Assignment
Please write out exactly the line containing "The garage is" below and every line after it, through the last one, but leave out any pictures.

Available data
-- Opening Marker --

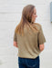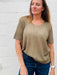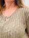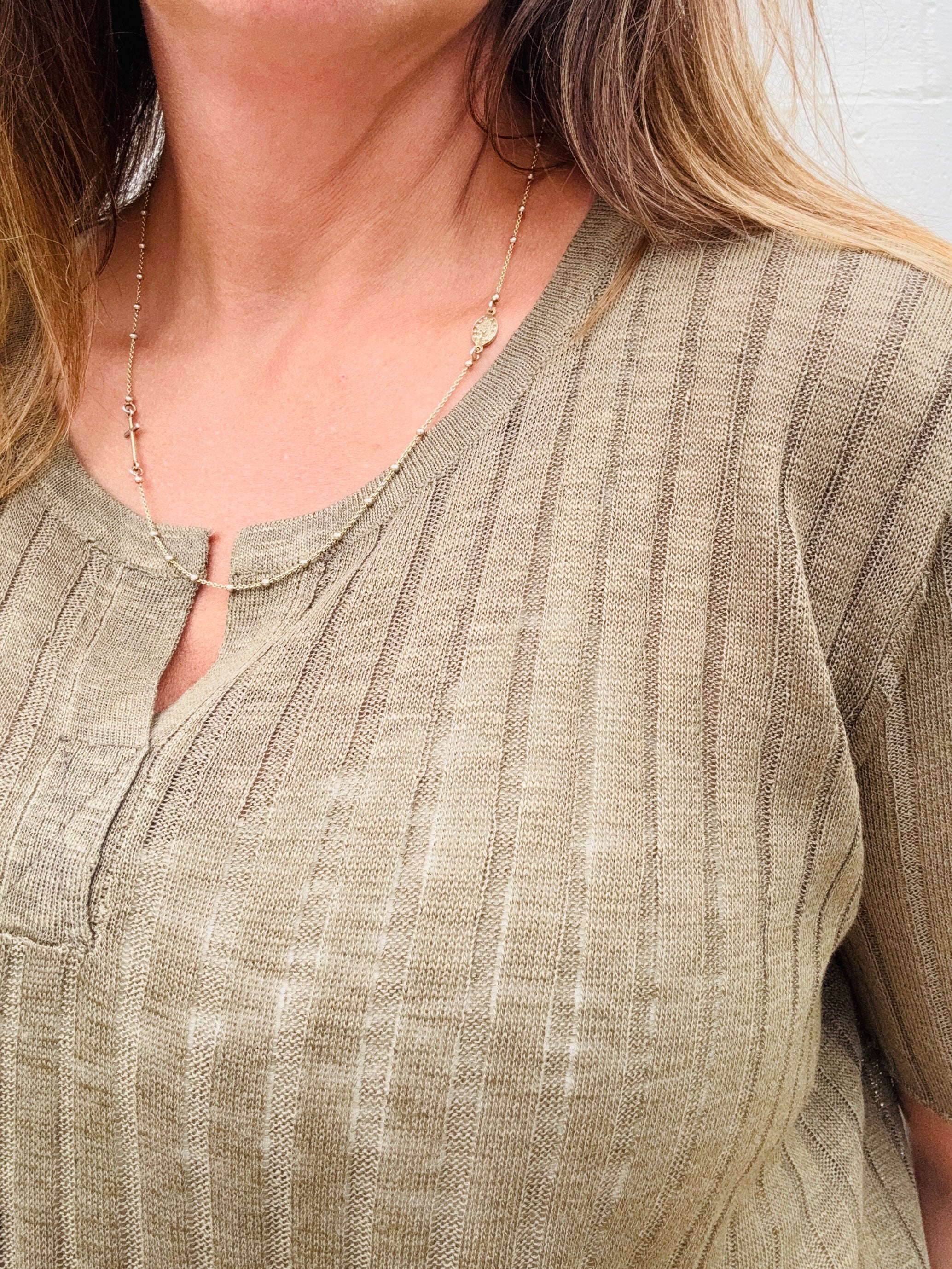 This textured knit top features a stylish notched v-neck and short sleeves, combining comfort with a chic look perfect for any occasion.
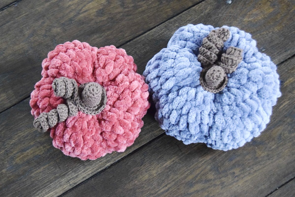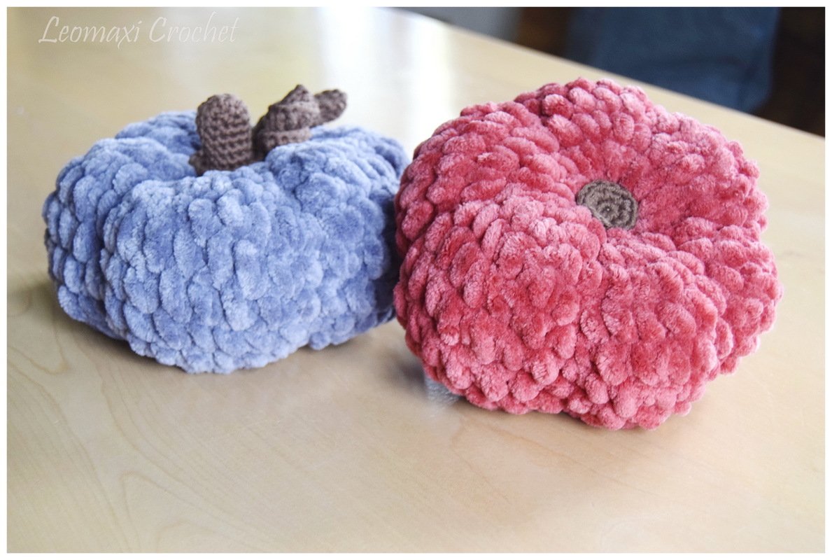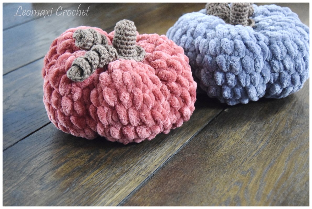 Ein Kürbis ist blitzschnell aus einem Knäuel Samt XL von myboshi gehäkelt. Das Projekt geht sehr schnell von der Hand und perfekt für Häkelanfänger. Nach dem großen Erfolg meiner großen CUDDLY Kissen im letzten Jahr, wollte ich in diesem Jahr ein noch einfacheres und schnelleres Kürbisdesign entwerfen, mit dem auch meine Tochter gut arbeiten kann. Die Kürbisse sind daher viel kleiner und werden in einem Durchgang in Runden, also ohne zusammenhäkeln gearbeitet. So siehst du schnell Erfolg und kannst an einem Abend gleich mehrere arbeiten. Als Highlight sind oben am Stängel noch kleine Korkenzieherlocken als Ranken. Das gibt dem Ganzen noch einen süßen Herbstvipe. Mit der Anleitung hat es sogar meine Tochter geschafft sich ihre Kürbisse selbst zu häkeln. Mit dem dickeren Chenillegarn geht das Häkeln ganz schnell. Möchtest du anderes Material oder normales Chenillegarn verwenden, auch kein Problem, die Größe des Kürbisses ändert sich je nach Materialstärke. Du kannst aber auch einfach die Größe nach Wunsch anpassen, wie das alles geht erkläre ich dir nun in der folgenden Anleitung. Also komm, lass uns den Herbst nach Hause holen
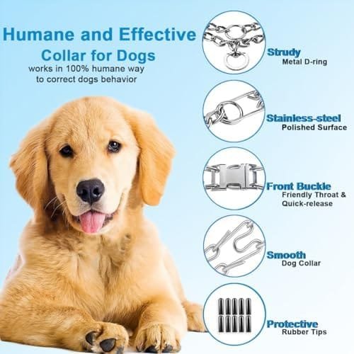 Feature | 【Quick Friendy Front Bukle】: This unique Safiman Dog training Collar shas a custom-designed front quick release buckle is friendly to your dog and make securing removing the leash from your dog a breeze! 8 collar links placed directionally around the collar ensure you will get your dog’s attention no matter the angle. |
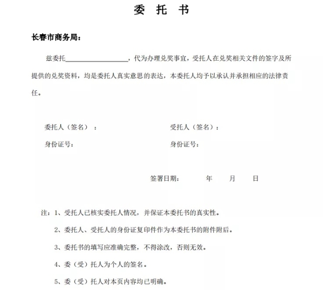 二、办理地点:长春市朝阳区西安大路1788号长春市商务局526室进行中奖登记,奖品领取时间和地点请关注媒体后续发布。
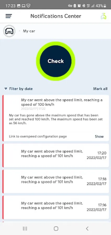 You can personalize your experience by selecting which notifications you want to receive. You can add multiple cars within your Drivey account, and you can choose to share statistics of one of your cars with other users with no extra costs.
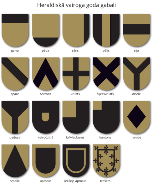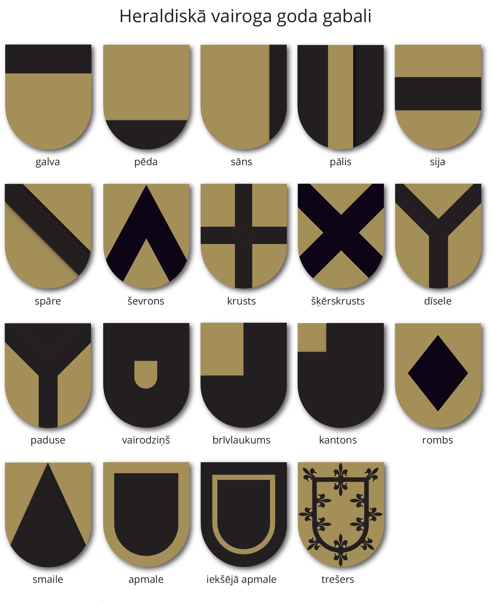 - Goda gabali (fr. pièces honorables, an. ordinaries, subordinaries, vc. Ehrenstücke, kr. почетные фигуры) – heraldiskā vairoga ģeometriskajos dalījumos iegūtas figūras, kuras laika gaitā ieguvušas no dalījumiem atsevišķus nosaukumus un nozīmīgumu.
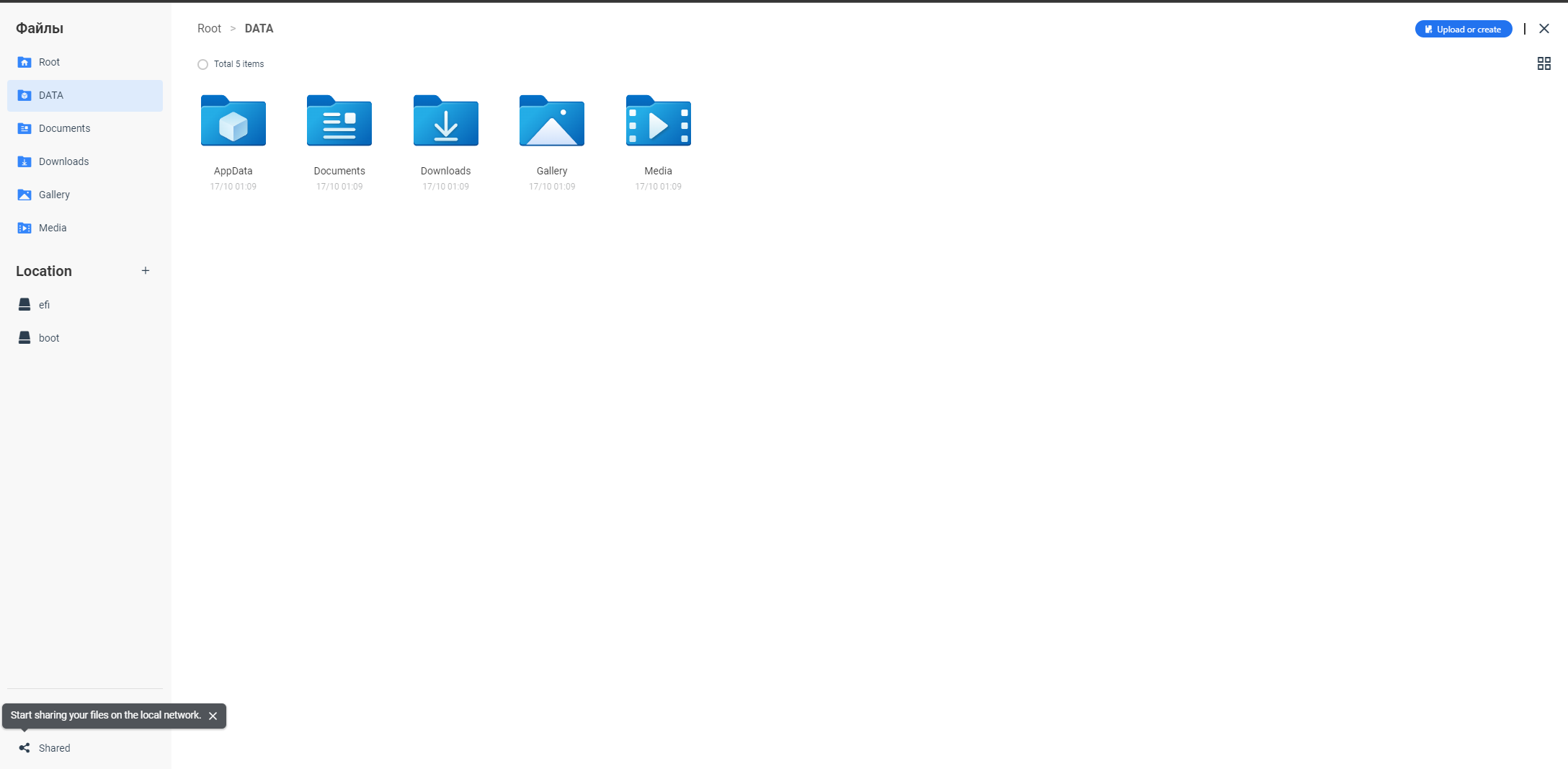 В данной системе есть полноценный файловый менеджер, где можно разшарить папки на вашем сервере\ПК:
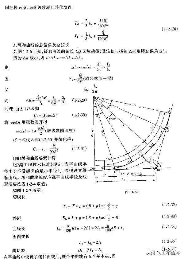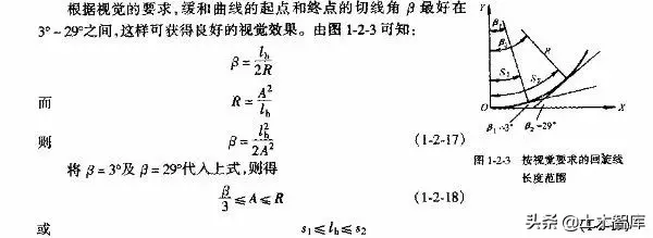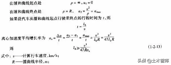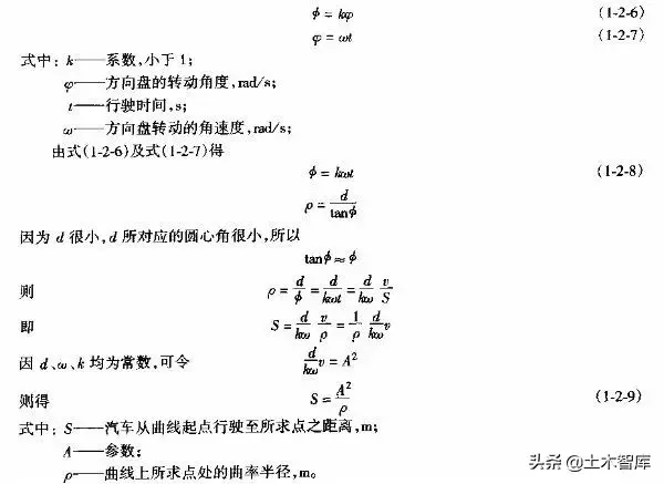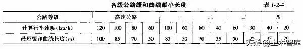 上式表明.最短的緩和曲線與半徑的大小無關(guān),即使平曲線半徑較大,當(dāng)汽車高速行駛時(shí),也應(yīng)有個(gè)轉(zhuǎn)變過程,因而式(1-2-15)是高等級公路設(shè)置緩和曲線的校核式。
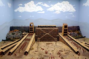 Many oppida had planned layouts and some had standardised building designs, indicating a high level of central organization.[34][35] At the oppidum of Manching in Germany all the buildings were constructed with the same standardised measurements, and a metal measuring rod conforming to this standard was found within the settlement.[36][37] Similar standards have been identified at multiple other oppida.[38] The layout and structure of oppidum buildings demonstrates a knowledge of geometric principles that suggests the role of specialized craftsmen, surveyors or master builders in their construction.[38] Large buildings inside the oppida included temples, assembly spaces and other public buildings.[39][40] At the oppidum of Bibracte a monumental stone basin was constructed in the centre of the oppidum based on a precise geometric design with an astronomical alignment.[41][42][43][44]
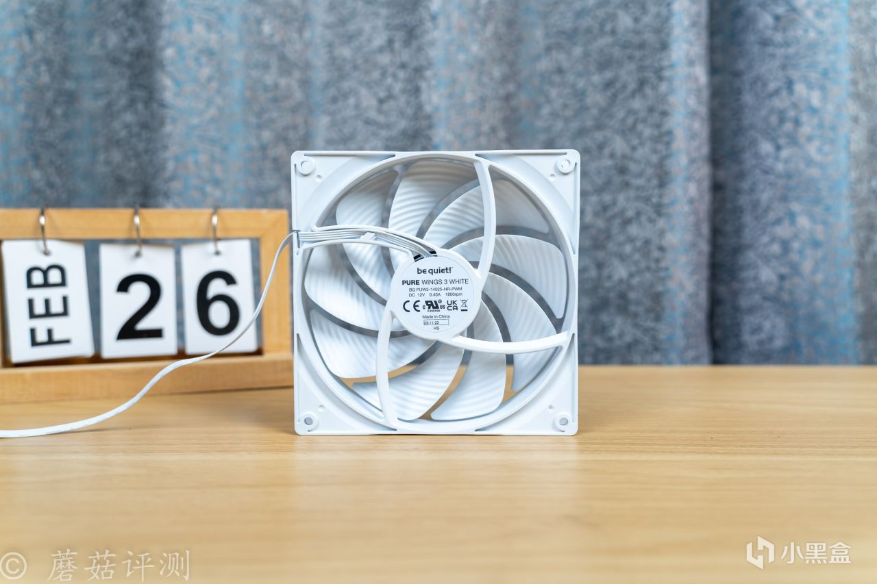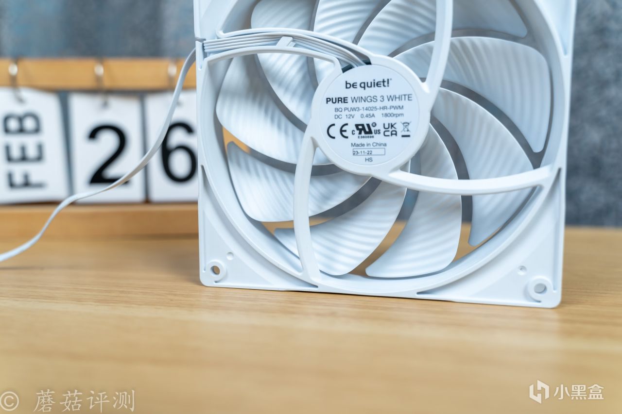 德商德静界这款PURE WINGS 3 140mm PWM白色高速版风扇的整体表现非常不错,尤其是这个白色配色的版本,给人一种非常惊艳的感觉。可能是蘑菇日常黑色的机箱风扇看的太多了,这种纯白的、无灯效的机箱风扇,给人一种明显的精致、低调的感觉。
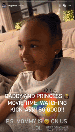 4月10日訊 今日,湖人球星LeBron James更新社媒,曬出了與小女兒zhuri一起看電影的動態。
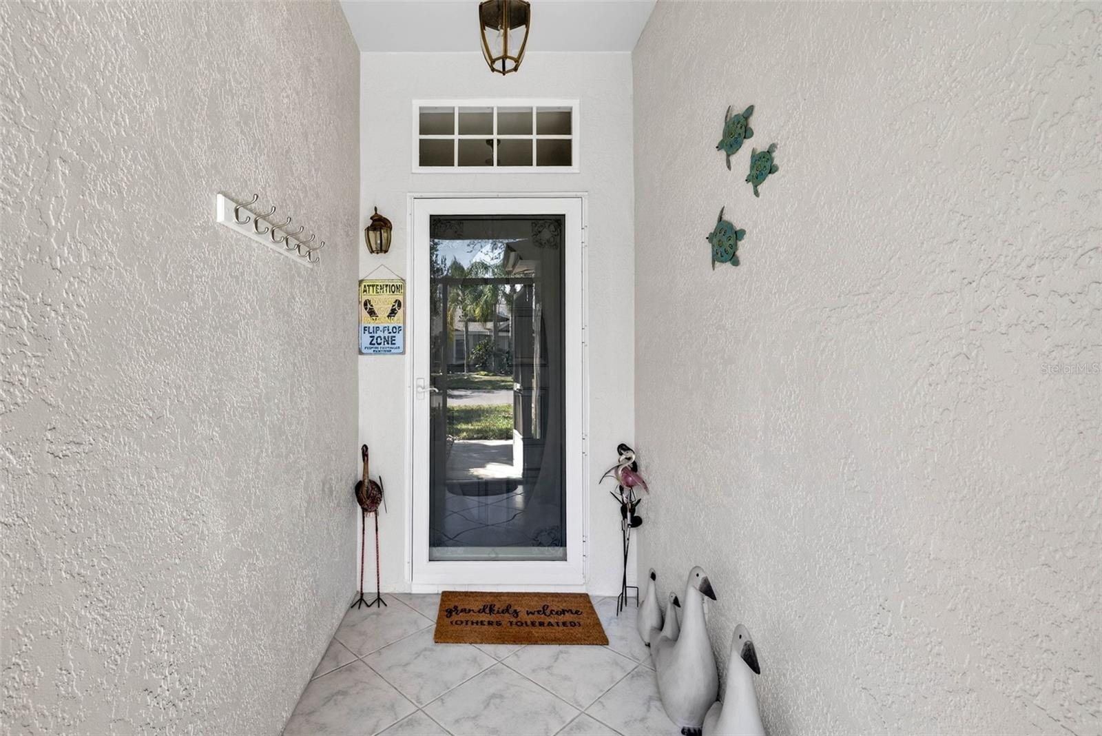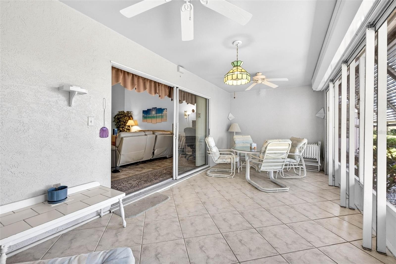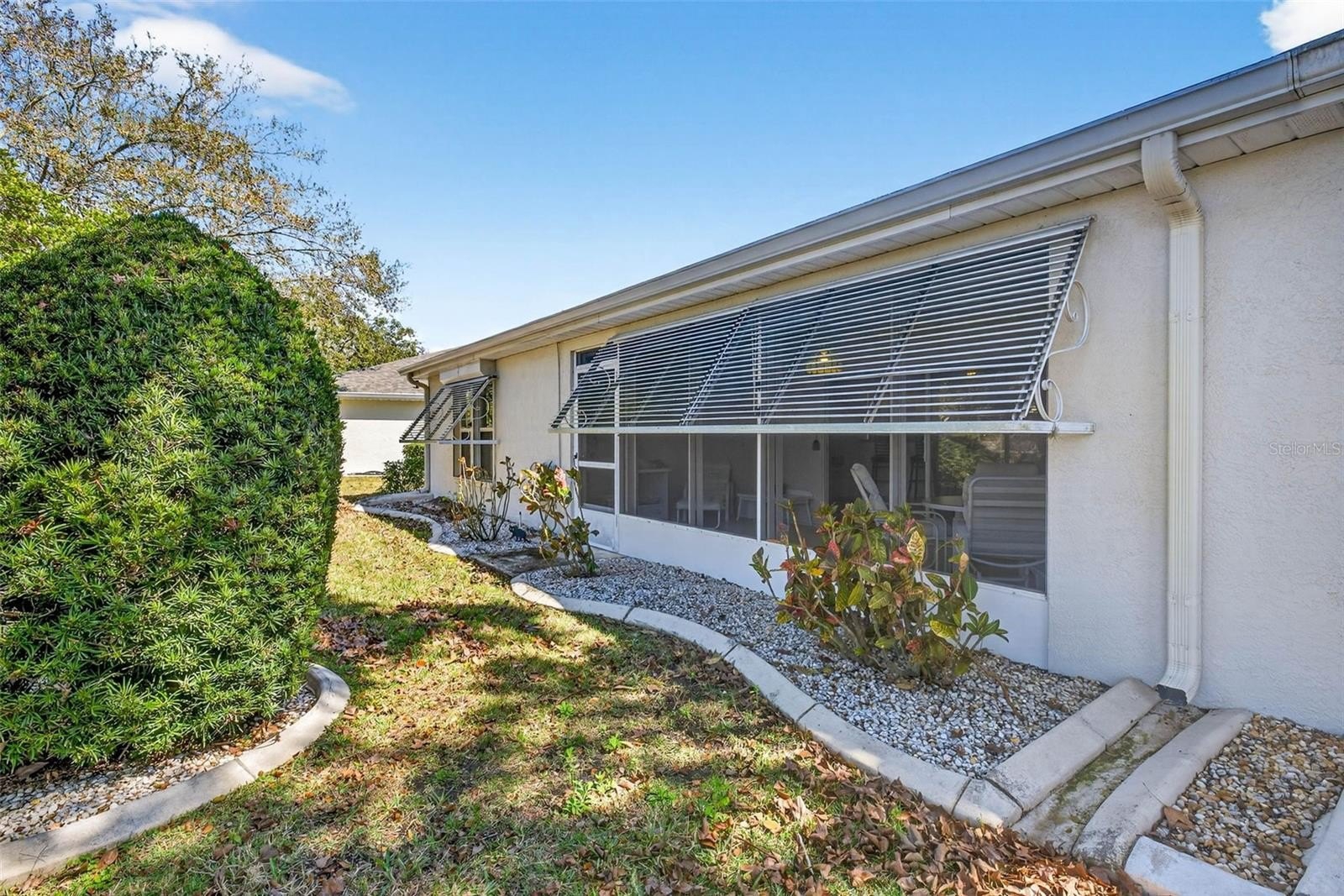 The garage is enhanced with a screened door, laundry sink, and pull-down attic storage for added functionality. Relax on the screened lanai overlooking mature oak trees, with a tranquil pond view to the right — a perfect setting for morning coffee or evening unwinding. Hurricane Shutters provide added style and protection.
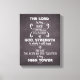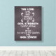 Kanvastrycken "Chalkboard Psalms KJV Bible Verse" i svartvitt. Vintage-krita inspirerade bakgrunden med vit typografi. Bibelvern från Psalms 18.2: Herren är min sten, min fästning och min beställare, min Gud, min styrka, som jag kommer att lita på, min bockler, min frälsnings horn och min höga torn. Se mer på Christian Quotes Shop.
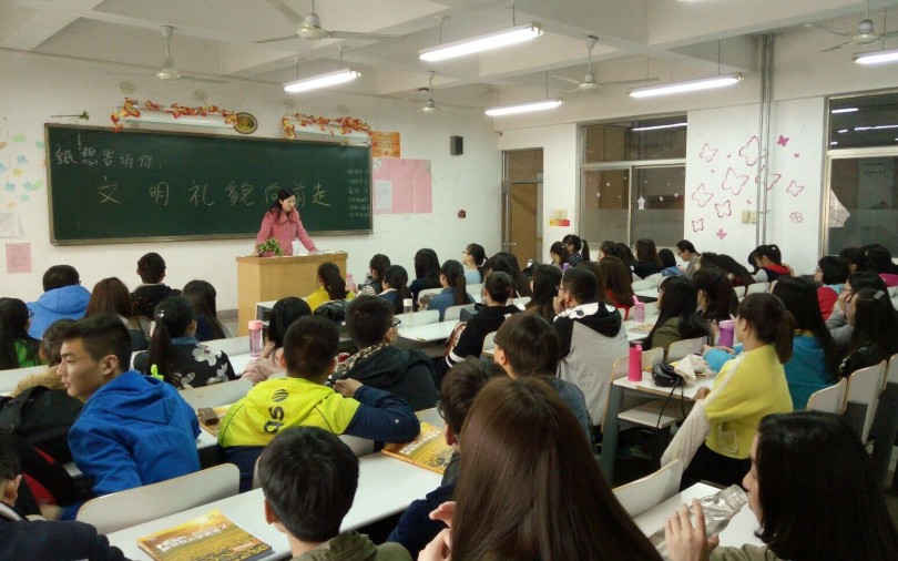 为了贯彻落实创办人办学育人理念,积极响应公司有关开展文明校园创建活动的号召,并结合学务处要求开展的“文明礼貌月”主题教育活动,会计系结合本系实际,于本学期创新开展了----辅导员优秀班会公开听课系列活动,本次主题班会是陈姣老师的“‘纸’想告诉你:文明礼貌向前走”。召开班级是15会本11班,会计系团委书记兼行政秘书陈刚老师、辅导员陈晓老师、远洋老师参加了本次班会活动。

-- Closing Marker --

Result of the task
 The garage is enhanced with a screened door, laundry sink, and pull-down attic storage for added functionality. Relax on the screened lanai overlooking mature oak trees, with a tranquil pond view to the right — a perfect setting for morning coffee or evening unwinding. Hurricane Shutters provide added style and protection.
 Kanvastrycken "Chalkboard Psalms KJV Bible Verse" i svartvitt. Vintage-krita inspirerade bakgrunden med vit typografi. Bibelvern från Psalms 18.2: Herren är min sten, min fästning och min beställare, min Gud, min styrka, som jag kommer att lita på, min bockler, min frälsnings horn och min höga torn. Se mer på Christian Quotes Shop.
 为了贯彻落实创办人办学育人理念,积极响应公司有关开展文明校园创建活动的号召,并结合学务处要求开展的“文明礼貌月”主题教育活动,会计系结合本系实际,于本学期创新开展了----辅导员优秀班会公开听课系列活动,本次主题班会是陈姣老师的“‘纸’想告诉你:文明礼貌向前走”。召开班级是15会本11班,会计系团委书记兼行政秘书陈刚老师、辅导员陈晓老师、远洋老师参加了本次班会活动。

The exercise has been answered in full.